Neither have nor would I ever remove water access from mine.


----------



## ad_1980 (Jan 28, 2009)

So she's come home then? Where are the pictures - did i miss them?!

I wouldnt put water away from her - we've never done so and i don't ever intend to do so in the future should i own any more dogs. But then that's just my opinion.


----------



## rocco33 (Dec 27, 2009)

Personally, I don't like the idea of removing water from at night - I like my dogs and puppies to have free access to water at ALL times. It won't be causing your pup to wee at night, as DT says, this is simply because they can't hold it that long. Do you get up and take her out during the night?


----------



## moboyd (Sep 29, 2009)

I agree at 7 weeks of age I wouldnt expect a pup to do without fluids over night nor would I expect it to be clean at this age, give it a few more weeks, make sure you are taking the pups out before bedtime, and if required(I have done this) take them out in the middle of the night, you know they are going to pee at some point during the night, so try to get it that the pup relates to peeing outside instead of in the crate, eventually the pup will be able to hold it longer, and the night trips will get nearer and nearer to morning time, eventually you will have it that the pup is clean over the night but may be desperate to go out in mornings and get excited when it hears you rising, so at this stage, in mornings no dilly dallying, straight down to put pup out before you do anything else make sure it does its business then get on with your normal morning routine.

Mo


----------



## ClaireandDaisy (Jul 4, 2010)

If the pup is drinking it`s because she is thirsty. A dog should always have access to water. 
I have a dog who was denied constant access to water and for ages he would drink to excess, desperate to get the water while it was there. He`s OK now but it took a while. 
A tiny pup will not go for long without a wee, same as a baby. It has nothing to do with drinking, it`s simply that their system is immature.


----------



## haeveymolly (Mar 7, 2009)

None of mine ever had water down at night. Always had full access to water all day but taken up at a certain time at night and all mine were dry early through the night. Never harmed mine.


----------



## nfp20 (Jun 29, 2010)

Mine always have water and I use puppy pads to help training but those first few months its getting up in the night to let pupster out to pee. You can get water bowls specifically for crates they attach to the bars and the bowl is removable. You can if you have a swimmer use a filling bowl specifically to stop paddling. Ayla has always had a bowl like that because she likes snorkling


----------



## SarahAvon (Aug 7, 2010)

I took my pup's water up before we went to bed, on the advice of training books and she was toilet trained by 9 weeks. 
Saying that, bed time is really late in my house as hubby works late anyway, so we'd take her water up at 11pm-12am, then I was up to take her out and put fresh water down at 7-8am and she was always fine.


----------



## Bearpaw (Dec 10, 2009)

I tend to do as sarahavon, no water in the crate but access to it all day and evening until bed.Up in the night for puppy wee stop(when they will take a drink outside if they want to),then water from first thing again.


----------



## sequeena (Apr 30, 2009)

I would never leave a dog without water, puppy or adult. It's a basic need. I would hate not to be allowed any water at night or any other time if I were thirsty. Plus pups can dehydrate quickly so no, not a good idea at all


----------



## Nonnie (Apr 15, 2009)

Denying a dog water isnt toilet training. Its on par with denying them food to stop them crapping imo.
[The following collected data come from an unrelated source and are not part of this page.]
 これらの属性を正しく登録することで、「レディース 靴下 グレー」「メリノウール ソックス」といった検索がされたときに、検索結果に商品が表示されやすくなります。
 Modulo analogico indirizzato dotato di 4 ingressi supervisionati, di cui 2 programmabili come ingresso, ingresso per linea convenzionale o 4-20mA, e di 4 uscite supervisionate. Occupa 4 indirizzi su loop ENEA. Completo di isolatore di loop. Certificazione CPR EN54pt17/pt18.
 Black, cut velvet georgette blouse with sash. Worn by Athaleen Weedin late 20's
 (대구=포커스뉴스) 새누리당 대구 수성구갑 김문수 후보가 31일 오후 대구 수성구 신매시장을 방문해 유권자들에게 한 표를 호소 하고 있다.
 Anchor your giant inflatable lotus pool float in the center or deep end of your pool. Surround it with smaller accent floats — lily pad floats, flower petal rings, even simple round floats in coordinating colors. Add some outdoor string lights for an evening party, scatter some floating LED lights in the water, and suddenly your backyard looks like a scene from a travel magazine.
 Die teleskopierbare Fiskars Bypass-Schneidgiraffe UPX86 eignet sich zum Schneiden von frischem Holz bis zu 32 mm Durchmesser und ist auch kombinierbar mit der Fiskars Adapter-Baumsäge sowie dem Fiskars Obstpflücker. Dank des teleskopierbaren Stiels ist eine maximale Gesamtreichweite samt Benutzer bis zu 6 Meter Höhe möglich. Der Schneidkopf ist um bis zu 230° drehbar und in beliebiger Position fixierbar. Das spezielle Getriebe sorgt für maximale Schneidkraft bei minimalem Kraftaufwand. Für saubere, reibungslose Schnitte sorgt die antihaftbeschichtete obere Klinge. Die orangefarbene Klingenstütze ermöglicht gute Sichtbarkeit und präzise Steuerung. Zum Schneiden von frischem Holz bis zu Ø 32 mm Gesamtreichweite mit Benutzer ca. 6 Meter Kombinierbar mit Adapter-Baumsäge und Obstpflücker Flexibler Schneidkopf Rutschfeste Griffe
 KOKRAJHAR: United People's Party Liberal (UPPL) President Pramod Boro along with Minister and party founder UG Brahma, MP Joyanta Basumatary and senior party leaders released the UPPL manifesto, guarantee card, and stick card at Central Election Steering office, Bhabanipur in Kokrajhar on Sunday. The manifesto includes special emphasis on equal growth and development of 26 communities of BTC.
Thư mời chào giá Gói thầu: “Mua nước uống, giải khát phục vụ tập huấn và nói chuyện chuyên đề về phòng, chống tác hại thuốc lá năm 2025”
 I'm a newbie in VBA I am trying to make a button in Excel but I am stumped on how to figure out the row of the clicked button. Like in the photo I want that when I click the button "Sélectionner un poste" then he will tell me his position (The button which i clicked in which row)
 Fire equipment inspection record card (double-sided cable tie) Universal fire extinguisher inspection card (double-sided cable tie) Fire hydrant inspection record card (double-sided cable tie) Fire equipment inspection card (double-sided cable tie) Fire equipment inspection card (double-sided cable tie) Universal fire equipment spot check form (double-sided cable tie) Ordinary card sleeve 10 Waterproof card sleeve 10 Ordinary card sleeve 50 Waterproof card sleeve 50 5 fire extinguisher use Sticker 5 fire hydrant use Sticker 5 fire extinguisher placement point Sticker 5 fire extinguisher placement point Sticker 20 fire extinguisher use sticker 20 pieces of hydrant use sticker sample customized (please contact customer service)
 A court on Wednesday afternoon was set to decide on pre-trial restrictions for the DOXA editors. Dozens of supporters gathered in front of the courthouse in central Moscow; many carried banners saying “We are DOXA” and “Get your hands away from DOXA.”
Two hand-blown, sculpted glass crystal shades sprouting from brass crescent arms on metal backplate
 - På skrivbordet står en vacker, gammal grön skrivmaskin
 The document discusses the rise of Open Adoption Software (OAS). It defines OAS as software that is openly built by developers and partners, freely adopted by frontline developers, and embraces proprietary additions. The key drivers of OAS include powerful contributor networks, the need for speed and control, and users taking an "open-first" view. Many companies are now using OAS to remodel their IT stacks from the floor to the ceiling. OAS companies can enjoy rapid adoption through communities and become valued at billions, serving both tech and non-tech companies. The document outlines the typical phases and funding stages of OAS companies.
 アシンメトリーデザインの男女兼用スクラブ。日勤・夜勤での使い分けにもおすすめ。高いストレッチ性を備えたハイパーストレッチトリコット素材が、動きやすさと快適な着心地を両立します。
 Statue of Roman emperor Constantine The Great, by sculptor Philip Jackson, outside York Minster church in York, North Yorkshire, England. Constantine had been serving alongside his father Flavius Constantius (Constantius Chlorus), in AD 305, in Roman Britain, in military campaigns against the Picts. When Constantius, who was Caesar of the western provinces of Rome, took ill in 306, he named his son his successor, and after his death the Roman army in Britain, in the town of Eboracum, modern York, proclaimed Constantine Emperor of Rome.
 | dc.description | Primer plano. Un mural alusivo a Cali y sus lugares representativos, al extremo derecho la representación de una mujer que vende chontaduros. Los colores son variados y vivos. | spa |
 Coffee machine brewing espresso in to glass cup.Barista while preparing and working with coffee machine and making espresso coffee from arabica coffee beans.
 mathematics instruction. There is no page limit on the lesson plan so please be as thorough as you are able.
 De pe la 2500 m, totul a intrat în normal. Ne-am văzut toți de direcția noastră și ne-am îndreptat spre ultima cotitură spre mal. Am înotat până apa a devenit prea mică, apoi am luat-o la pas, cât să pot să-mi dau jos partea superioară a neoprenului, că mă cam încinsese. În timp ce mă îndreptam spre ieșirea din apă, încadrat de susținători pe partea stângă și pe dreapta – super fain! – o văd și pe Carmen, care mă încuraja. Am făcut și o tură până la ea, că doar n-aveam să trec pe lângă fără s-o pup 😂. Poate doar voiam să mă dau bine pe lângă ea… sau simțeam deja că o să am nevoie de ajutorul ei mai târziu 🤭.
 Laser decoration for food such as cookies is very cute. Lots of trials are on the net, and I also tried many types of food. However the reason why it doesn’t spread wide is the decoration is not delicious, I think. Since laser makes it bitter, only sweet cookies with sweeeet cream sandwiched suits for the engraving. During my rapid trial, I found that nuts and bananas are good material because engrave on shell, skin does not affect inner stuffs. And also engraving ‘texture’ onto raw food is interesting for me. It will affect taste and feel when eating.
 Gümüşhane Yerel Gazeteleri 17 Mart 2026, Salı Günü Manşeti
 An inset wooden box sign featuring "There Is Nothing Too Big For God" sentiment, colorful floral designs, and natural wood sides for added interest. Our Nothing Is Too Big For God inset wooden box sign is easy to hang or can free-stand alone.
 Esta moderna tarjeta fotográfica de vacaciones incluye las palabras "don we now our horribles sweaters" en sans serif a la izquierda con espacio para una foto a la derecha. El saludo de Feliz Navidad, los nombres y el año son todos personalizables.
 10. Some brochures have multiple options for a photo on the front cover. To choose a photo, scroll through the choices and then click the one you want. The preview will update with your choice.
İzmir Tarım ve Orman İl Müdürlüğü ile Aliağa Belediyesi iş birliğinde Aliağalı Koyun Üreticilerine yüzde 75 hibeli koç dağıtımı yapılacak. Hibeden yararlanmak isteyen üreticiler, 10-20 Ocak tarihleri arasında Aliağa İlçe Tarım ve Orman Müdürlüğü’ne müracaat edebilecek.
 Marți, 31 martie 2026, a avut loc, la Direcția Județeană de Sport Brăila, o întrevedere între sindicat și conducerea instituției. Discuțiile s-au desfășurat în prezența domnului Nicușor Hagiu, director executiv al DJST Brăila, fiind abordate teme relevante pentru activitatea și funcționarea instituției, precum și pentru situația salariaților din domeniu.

I hate the whole "make the crate so small so that they are forced to hold it, because messing where they sleep is distressful", too.

When mine were pups they had a 48inch crate, with a bed at one end and newspaper and a water bowl at the other.

*I* toilet trained them by getting up numerous times during the night and showing them that outside was the place to go. I didnt remove water so that their bladders couldnt fill. Thats not training, its exploitation.

Oscar never pee'd, Alfie did just a handful of times.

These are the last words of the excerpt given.